Родерик вздохнул и закрыл глаза.
- Хорошо…. Вы хотите услышать мою историю? Что ж… Я не хотел ничего говорить и не хотел ничего рассказывать… Я просто хотел начать жизнь с чистого листа. Увы - это, кажется, так и не получилось. Прошлое странным образом пришло за мной… Наверное, за каждым человеком, неслышно и невидимо, на цыпочках идет его прошлое…И никуда от него не деться…
Итак, как вы, уже поняли, Бетани – моя сестра. Мы близнецы…Я младше ее на пятнадцать минут. Наш отец – лорд Ковенант женился на француженке, Анне Валери…
- Да, некогда приме нашей оперы и прекрасной женщине… - кивнула головой мадам Жири. Призрак чуть печально улыбнулся, погрузившись в воспоминания о том вечере, когда он первый и единственный раз увидел Анну.
- Я не знаю этого… - покачал головой Родерик. - Мать умерла во время родов…более того, судя по всему, виновником смерти был как раз я…. Отец углубился в себя и в свое горе. Когда нам с сестрой стукнуло 15 лет, он с воплем «Она ждет меня!» выстрелили себе в висок. Так мы остались одни. В принципе, мы привыкли быть одни. Близнецы никогда не бывают одинокими… Один знает, что думает другой..Понимаете..близнецовая любовь самая сильная на свете… Но не менее сильна и близнецовая ненависть. Бетани возненавидела меня… Возможно, потому, что я всегда легко относился ко всему, что делаю..Мне все давалось легко. Я прекрасно рисовал, я мог сочинять музыку, я писал стихи… Но мне все это было не нужно.. Да и до сих пор не нужно… Я никогда не ценил того, что имею… Иногда даже и не подозревая, что другим это достается с огромным трудом… Как Бетани… Это сейчас я понимаю, что она всегда завидовала мне, что она всегда стремилась сравняться со мной… А тогда я этого не замечал. Опять-таки потому, что не ценил того, что делал. Мне казалось, что рисовать, писать – это так же естественно и просто, как и дышать… И эта моя легкость, небрежность ранила и злила ее. А возможно, и потому, что я должен был стать наследником всего поместья. Понимаете, несмотря на то, что она была старше меня…пусть только и на пятнадцать минут, но все равно, в случае с близнецами это играет очень большую роль в их негласном соперничестве…так вот, несмотря на того, что она была старше меня, наследство и титул передаются у нас по мужской линии… Только если бы не было меня…тогда она стала бы владелицей поместья и имени… И вот меня не стало.
Родерик замолчал.
- Я все-таки так и не понял, - нарушил напряженное молчание Призрак. – я уже знаю твою манеру говорить загадками и цитатами… Но что же все-таки произошло?
Родерик застенчиво улыбнулся.
- Я умер.
- Все равно не понимаю. – подала голос мадам Жири. – Александр, не будете ли Вы столь любезны, объяснить нам все подробнее и понятнее.
Родерик вскочил.
- Да разве вы и так не понимаете? Бетани убила меня!
В полутемной комнате далекой гостиницы на другом конце авеню Оперы Бетани вздрогнула. Ее сжала внутренняя боль. Все настойчивее и настойчивее в ее голову полезли воспоминания о том дне. Она гнала их прочь, сжимала виски дрожащими пальцами, но ничего не помогало… Перед ее глазами вставал тот солнечный июньский день.

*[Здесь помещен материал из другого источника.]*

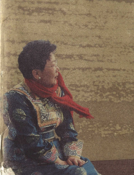 精致淡雅的妆容,微微发福的身材着一身素净的黑色衣裙,颈间一条黑白花色的围巾让黑色变得生动。她用不疾不徐的语调讲述着近30年来对父母的故乡内蒙古的追寻,数次因哽咽而凝滞,又迅速调整情绪,时而幽默甚至调皮,流露出性格中活泼的一面。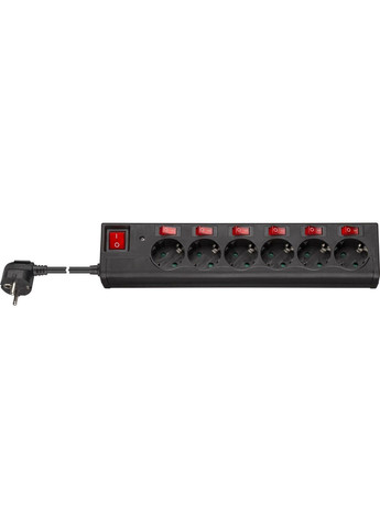 Подовжувач з захистом від перенапруги 3500W 16A. Окремі вимикачі з підсвіткою для кожної розетки і повного вимкнення. Розетки повернуті на 45° для використання кутових вилок безпосередньо одна біля другої. Поставляється з кабелем довжиною 1.5м. Усі вхідні канали обладнані зсувними захисними кришками. CE WEEE.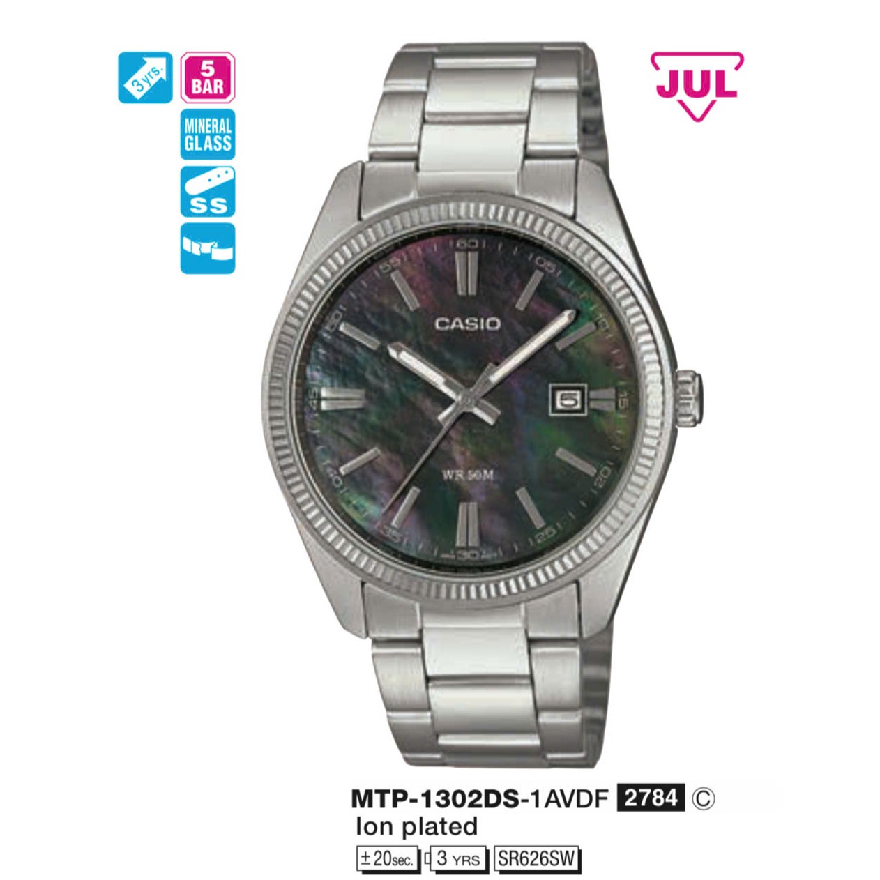 - So với các dòng đồng hồ khác trong cùng tầm giá: Casio MTP-1302 có thiết kế tinh tế hơn - Vật liệu cao cấp hơn (dây kim loại, mặt khảm trai, kính khoáng)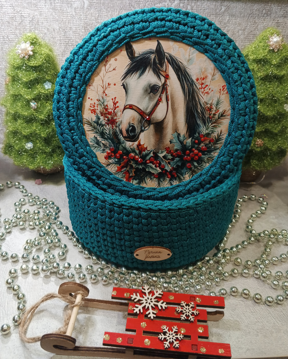 Корзинок навязала много, почти все продала, но эта мне больше всех понравилась, но не уверена была что раскупят , и связала только одну. Вязать корзинки одно удовольствие, сразу видишь результат. А эту с лошадкой тоже одну сделала, тяжело было подобрать цвет для шнура. Просто милота, для подарка отличная идея. Но фаворитом оказалась эта девочка с лошадкой, ещё добавила страз, и получилось очень мило. Пришлось ещё докупать донышки и шнур, так как заказали ещё. Так же понравились всем корзинки с шишками, нашла сначала круглые, а потом попались квадратные, и они тоже нашли хозяев. Они оказались более вместительными. В прошлом году я экспериментировала с техникой декупажа. У меня осталось одно донышко , и я тоже решила его использовать. В результате получилась очень нежная корзинка. А корзинки - ёлочки, вообще оригинальный подарок. Вот чем я занималась, время ушло немало, но когда начинаешь делать фото, видео, прям удивляешься сама на себя, неужели я это сделала, смогла. Пишите ко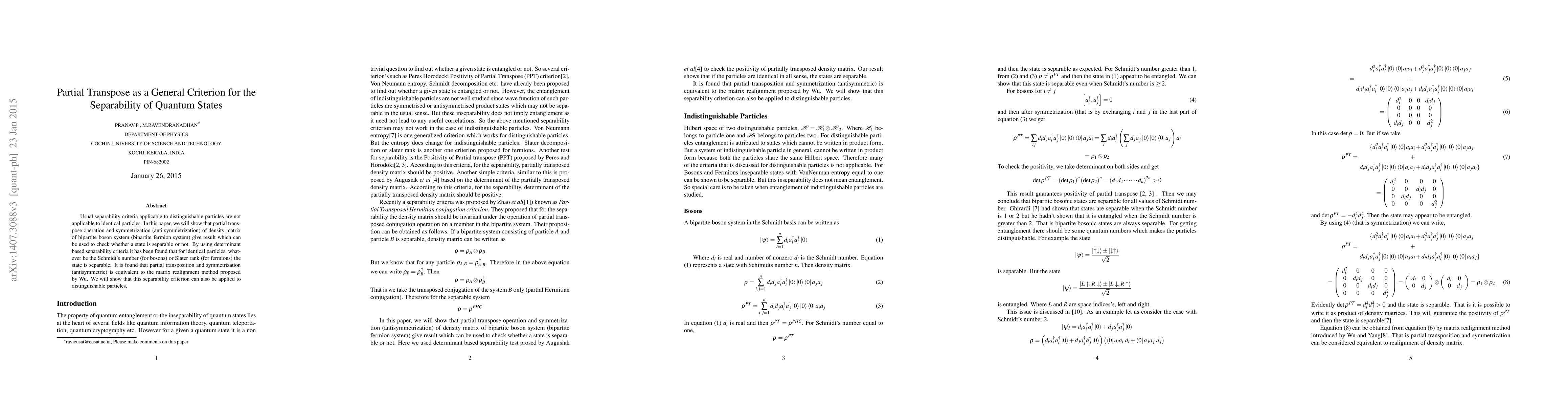 This paper proposes partial transposition and symmetrization (or anti-symmetrization) as a new separability criterion for quantum states of identical particles, demonstrating that bipartite states of bosons and fermions are always separable. It also shows equivalence between this method and the realignment criteria introduced by Wu.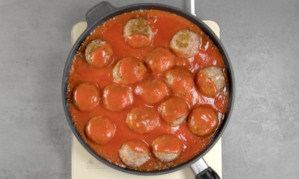 - Faites revenir les boulettes de viande de tous les côtés, puis versez la sauce tomate et laissez mijoter le tout pendant 10 minutes.

- Это было в июне… Был такой прекрасный день… Мы с Бетани поехали верхом в сторону реки. У нас возле поместья протекала..протекает…река… Берега очень высокие и обрывистые – там когда-то рубили уголь. Мы в детстве любили сидеть там и смотреть на воду. Няня все время боялась за нас, чтобы мы не сорвались вниз…
Так вот.. в тот день мы поехали верхом. Мы спешились у реки, в самом опасном, как я теперь понимаю месте… Стояли на краю обрыва и о чем-то разговаривали.. Я даже не помню о чем.. кажется, о погоде…еще о чем-то какая-то невинная чушь… Я даже не заметил, как Бетани отошла в сторону и зашла ко мне за спину… А потом почувствовал удар.
Бетани тихо вскрикнула через сжатые зубы. Перед ней встало его лицо, его широко раскрытые от ужаса глаза. А потом это лицо – его лицо…ее живое отражение..ее лицо залила кровь…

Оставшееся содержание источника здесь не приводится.